Iklim memburuk, sebagian dipicu oleh pembakaran batubara, telah membuat jutaan orang kehilangan tempat tinggal di sejumlah negara, termasuk India dan China. Kebakaran hutan di kota-kota di Amerika dan Australia; naiknya air laut yang membawa banjir rob di beberapa negara kepulauan, termasuk di Indonesia; serta kekeringan yang memperburuk konflik di Afghanistan dan beberapa negara Afrika juga menyebabkan banyak orang kehilangan tempat tinggal.
Komisi Tinggi PBB untuk Urusan Pengungsi (UNHCR), seperti dilaporkan Associated Press, pekan lalu, menyebutkan, bencana alam membuat rata-rata 21,5 juta orang di dunia meninggalkan rumahnya per tahun. Ilmuwan memperkirakan migrasi yang dipicu oleh semakin panasnya bumi bakal terus meningkat di banyak negara, mulai dari Asia, Australia, Eropa, Afrika, hingga Amerika.
Perubahan iklim telah menyebabkan gelombang migrasi yang besar setiap tahun. Bahkan, Panel Lintas Pemerintah untuk Perubahan Iklim memperkirakan, selama 30 tahun ke depan bakal ada 143 juta orang mengungsi akibat naiknya air laut, kekeringan, suhu panas, dan bencana iklim lainnya. Celakanya, para pemimpin dunia belum menyadari adanya migran iklim dan menemukan cara untuk membantu mereka.

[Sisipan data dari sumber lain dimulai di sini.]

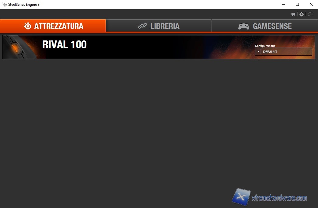 Il software SteelSeries Engine 3 al solito si caratterizza per la presenza di tre Menù principali che sono “Attrezzatura” dove verranno mostrate le periferiche compatibili, ‘’Libreria’’ dove potremo creare e modificare differenti profili collegati alle applicazioni dei nostri giochi ed infine ‘’GameSense’’, un nuovo Menù dal quale potremo gestire la retroilluminazione anche del Rival 100 con diversi effetti visibili negli screen a seguire, ed in diversi giochi.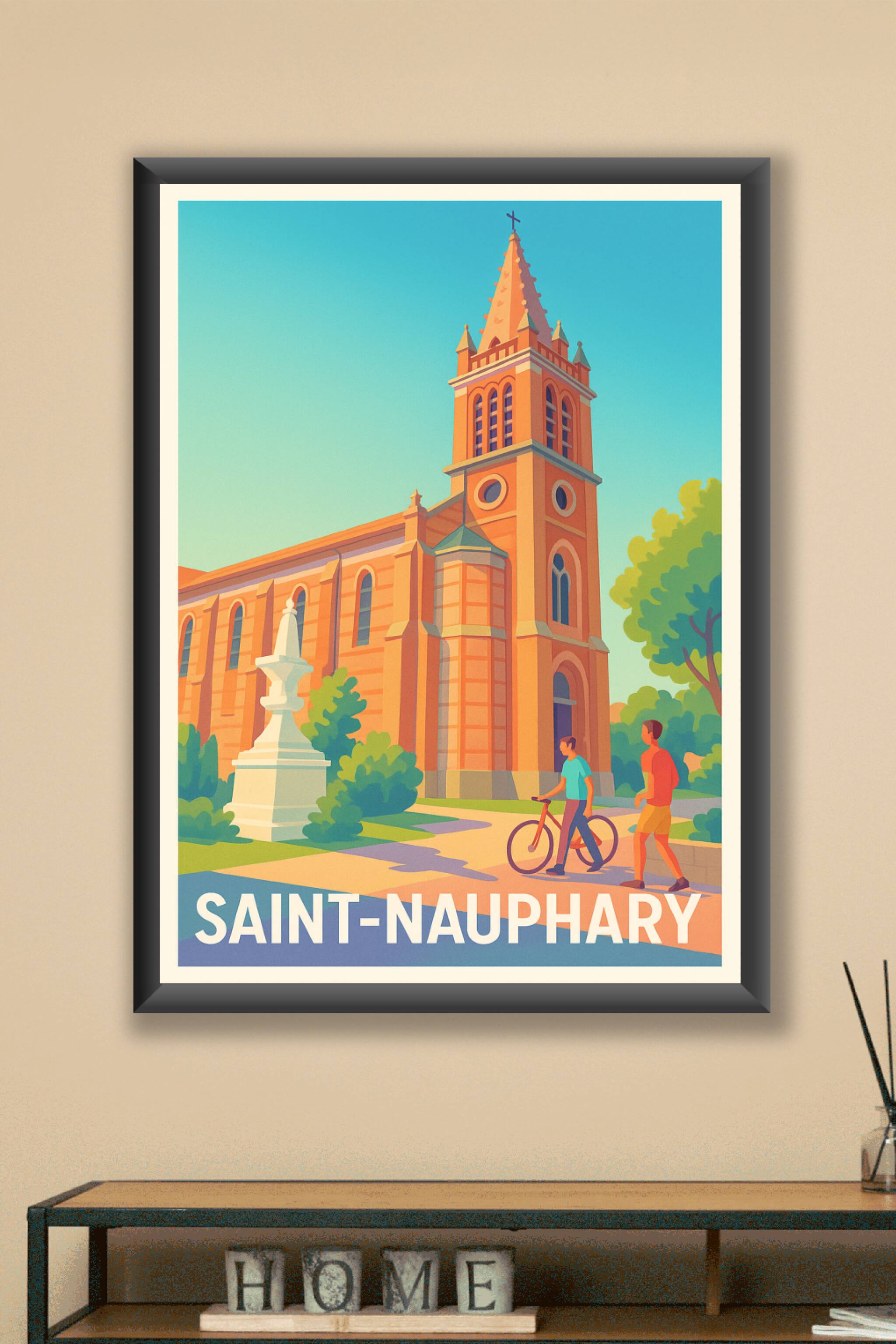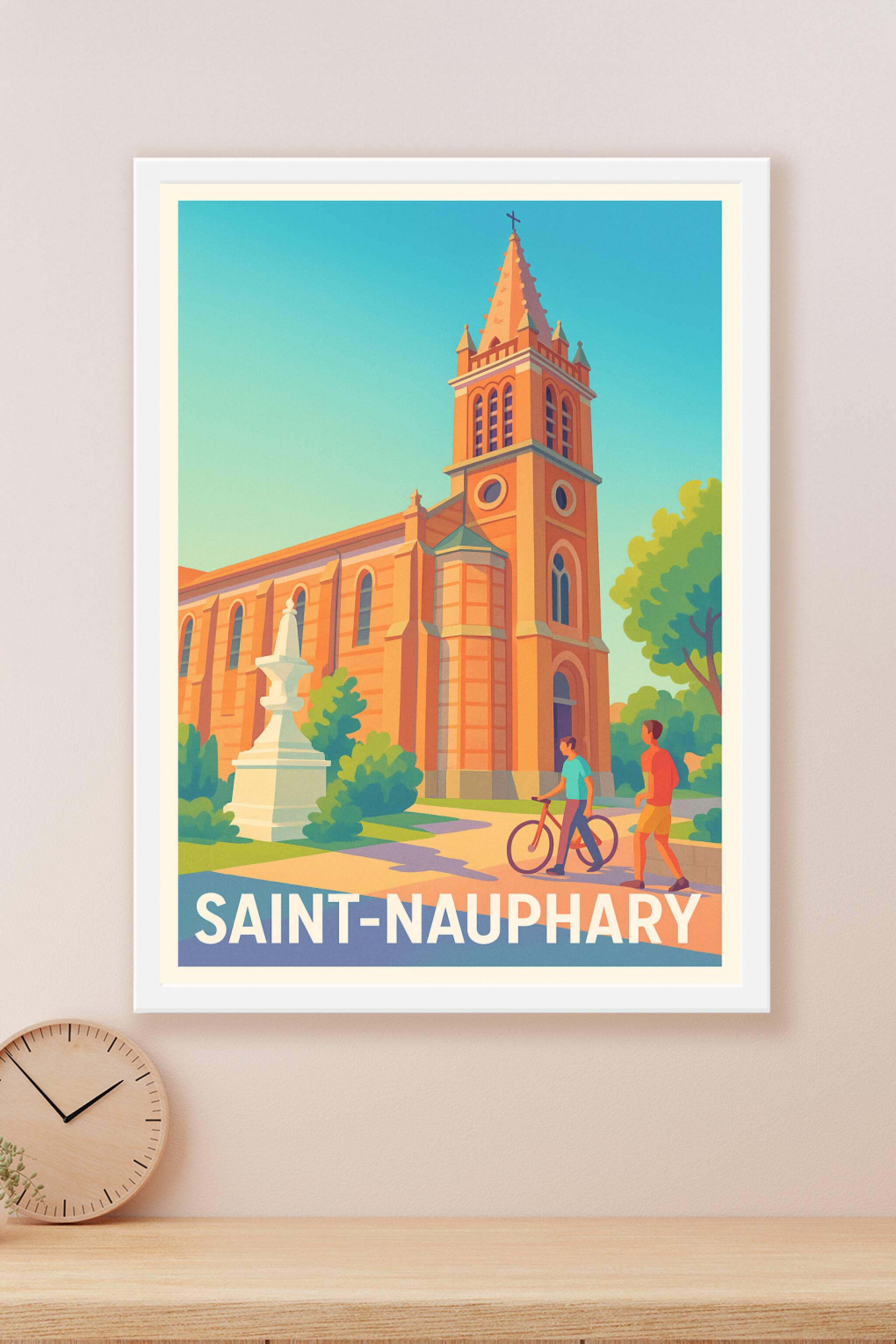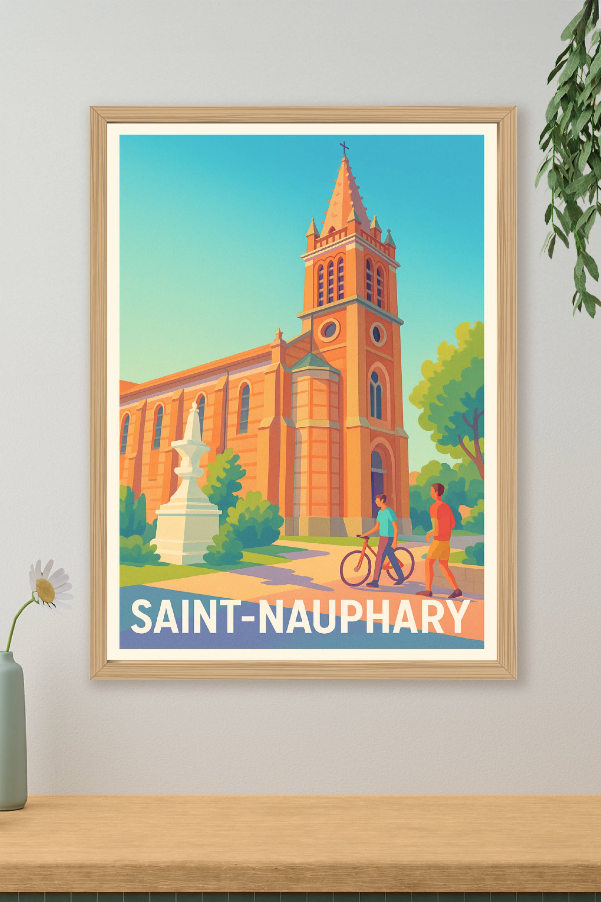 Découvrez l'élégance intemporelle de Saint-Nauphary à travers cette affiche illustrée qui capture l'architecture majestueuse et le charme paisible ...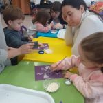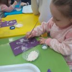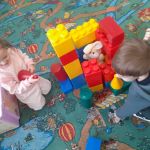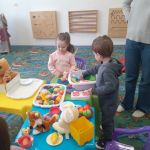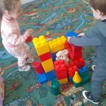 На прошедшей неделе возобновились занятия в детской студии «Развиваемся играя». После небольших каникул детки с удовольствием играли вместе. Строили домик для зайки, и делали обед для лесных жителей. Катались с горки и танцевали. Сделали аппликацию «Заснеженное дерево» с манной крупой.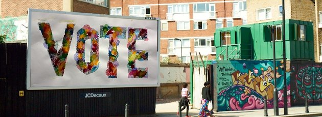 And right on cue, for our own elections comes UK artists, Bob & Roberta Smith, Jeremy Deller, Janette Parris and Fatima Begum. They have come together to create works incorporating the word 'vote'.
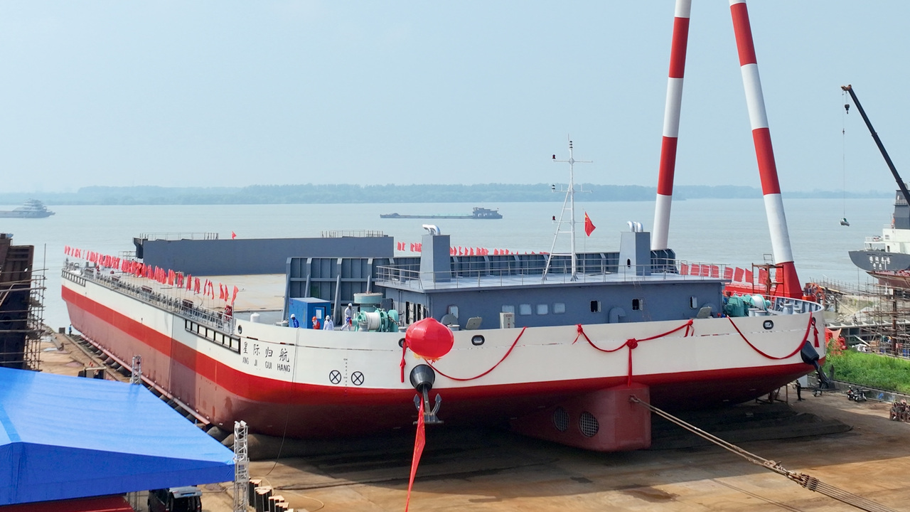 在江苏润扬船业有限公司的舾装码头,一艘长100米、型宽42米的乳白色巨轮静静停泊。甲板中央,一块40米×60米的专用平台空置着,仿佛等待着什么。船体上,“星际归航”四个大字清晰醒目——这是由浙江太和航运有限公司主导设计的中国第一艘专为运载火箭海上回收任务打造的非自航火箭回收船,即将服务星际荣耀中大型可重复使用液体运载火箭“双曲线)的首飞任务。

Bank Dunia dalam laporan beberapa tahun lalu juga memprediksi, sekitar 143 juta orang terpaksa bermigrasi pada tahun 2050 karena perubahan iklim. Ancaman itu nyata karena pada tahun 2019, puluhan juta orang telah mengungsi di 140 negara karena bencana terkait perubahan iklim.
Siapa sebenarnya migran akibat perubahan iklim atau migran iklim (climate migrant) itu? Sebagian besar mereka bergerak di dalam negeri sendiri. Biasanya mereka berpindah atau bermigrasi dari daerah perdesaan ke kota atau desa lainnya setelah kehilangan rumah dan atau mata pencarian akibat kekeringan, naiknya air laut, dan bencana perubahan iklim lain.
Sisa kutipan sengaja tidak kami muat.